> WHAT IS BEING ASKED: Reproduce the lines of the material exactly, excluding every image.

> ENTRIES PROVIDED:
-.-.-

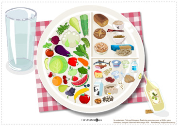 Materiał zawiera 3 karty. Na pierwszej znajduje się plansza edukacyjna z Talerzem Zdrowego Żywienia, na drugiej karcie znajduje się pusty talerz podzielony na trzy części, na ostatniej znajdują się ilustracje produktów spożywczych do wycięcia. Na planszę z drugiej karty dzieci mają za zadanie przykleić wycięte wybrane produkty w odpowiednie miejsca, tworząc swój talerz zdrowego żywienia.
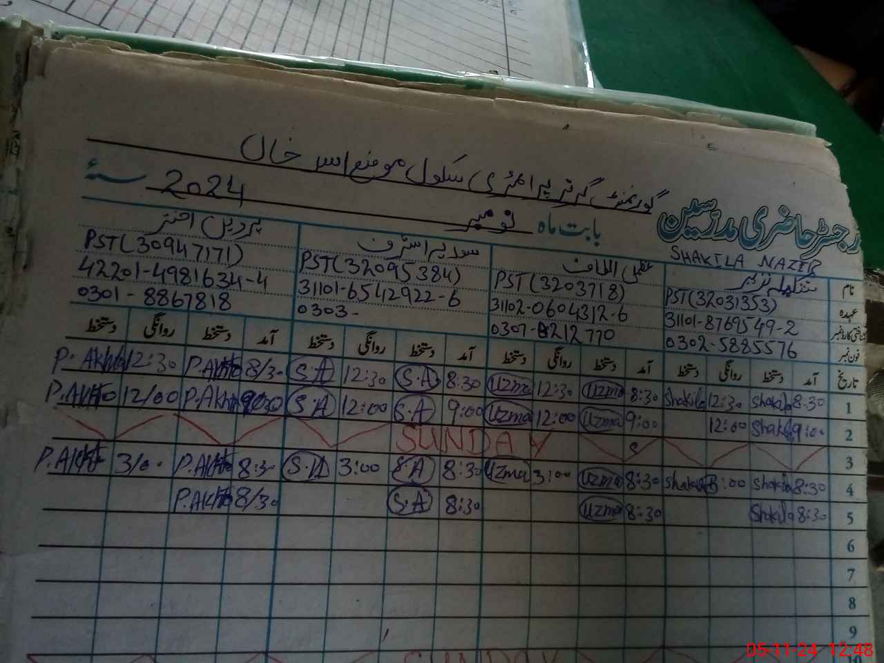 | Name: SH**** NA**** Designation: (School Headmaster's/Headmistress's) PST Phone/Cell Number: 03**** |
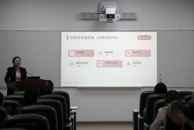 教学科科长李岚重点强调了课堂教学、教学管理,试卷与成绩管理中涉及的教学事故认定标准,提醒老师们引起高度重视,加强教学责任意识和课堂管理意识。本科教务干事张琬悦梳理了督导听评课的标准、巡课中发现的共性问题以及公司对课堂教学的最新要求。
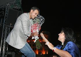 Президент "Крокус Интернэшнл" Арас Агаларов (слева) с супругой Ириной (справа) на диска своего сына,…
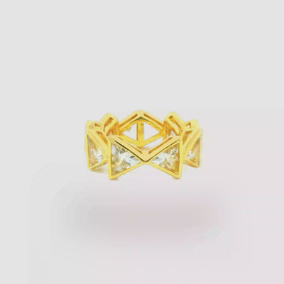 The Triangoli Band is handcrafted with approximately 7 carats of custom pyramid cut white white sapphire in 18k and 6.6 grams of 18k yellow gold vermeil

-.-.-

> SOLUTION TO THIS PROBLEM:
 Materiał zawiera 3 karty. Na pierwszej znajduje się plansza edukacyjna z Talerzem Zdrowego Żywienia, na drugiej karcie znajduje się pusty talerz podzielony na trzy części, na ostatniej znajdują się ilustracje produktów spożywczych do wycięcia. Na planszę z drugiej karty dzieci mają za zadanie przykleić wycięte wybrane produkty w odpowiednie miejsca, tworząc swój talerz zdrowego żywienia.
 | Name: SH**** NA**** Designation: (School Headmaster's/Headmistress's) PST Phone/Cell Number: 03**** |
 教学科科长李岚重点强调了课堂教学、教学管理,试卷与成绩管理中涉及的教学事故认定标准,提醒老师们引起高度重视,加强教学责任意识和课堂管理意识。本科教务干事张琬悦梳理了督导听评课的标准、巡课中发现的共性问题以及公司对课堂教学的最新要求。
 Президент "Крокус Интернэшнл" Арас Агаларов (слева) с супругой Ириной (справа) на диска своего сына,…
 The Triangoli Band is handcrafted with approximately 7 carats of custom pyramid cut white white sapphire in 18k and 6.6 grams of 18k yellow gold vermeil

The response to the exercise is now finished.